TAMPA, Fla. -- The New York Yankees banned players' personal trainers from their weight room in response to a new directive from the commissioner's office.
"I met with the club today and told them at this point in time we're shutting it down so we're in compliance," Yankees general manager Brian Cashman said Friday. "Personal trainers are now out of the weight room because that's the biggest focal point of this thing."
Just over a week after Barry Bonds' personal trainer was indicted on charges of distributing illegal steroids, commissioner Bud Selig sent a memorandum to the 30 teams banning personal trainers, friends and agents from "all playing fields, dugouts, clubhouses and related facilities."
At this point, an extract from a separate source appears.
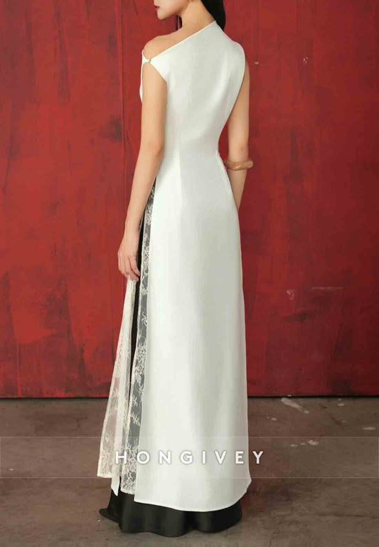 One Shoulder Simple Floor-Length Sleeveless Lace Pleated Evening Gowns

"We've gotten liberal letting more people in that weren't your employees, and that creates difficulties," Cashman said. "This, obviously, in the long run will be better, but in the short run it will cause problems."
Jason Giambi's trainer, Bobby Alejo, was allowed on Yankees' charter flights in 2002 and 2003 - he was on the team's payroll as a batting practice pitcher in 2002. While he was banned from the clubhouse for much of last season, he was allowed to work with Giambi in the weight room.
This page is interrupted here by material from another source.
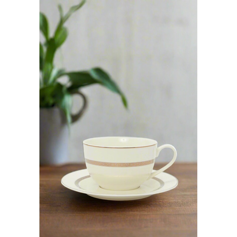 Add a touch of elegance to your tea time with this cup and saucer set featuring a delicate gold rim. The sophisticated design blends timeless charm with modern luxury, making it perfect for any occasion or a special gift.

"I'll talk with Cash, and address it with whoever we need to address it with, and see what goes on from there," Giambi said.
There has been no decision on whether to put Alejo back on the Yankees' payroll. Derek Jeter also has brought his trainer to the weight room.
"If adjustments are needed to take place, they will take place," Cashman said. "With the times, the commissioner is doing his best to make sure the game is portrayed in a positive light. This is one area there's a little bit of shadow on the game. He's making his best effort to shore that up."
Yankees manager Joe Torre has allowed friends into his office, such as Billy Crystal and Marvin Hamlisch.
"It certainly gives me an excuse not to have anybody in there," Torre said with a smile. "If that's the way it is, that's the way it is."
The memo says teams may determine individual policies for clubhouse access by "immediate family," defined as parents, siblings and children.
"Whatever you're told to do, you do" Torre said. "You can see where major league baseball is just trying to be as cautious and preventative as they can be."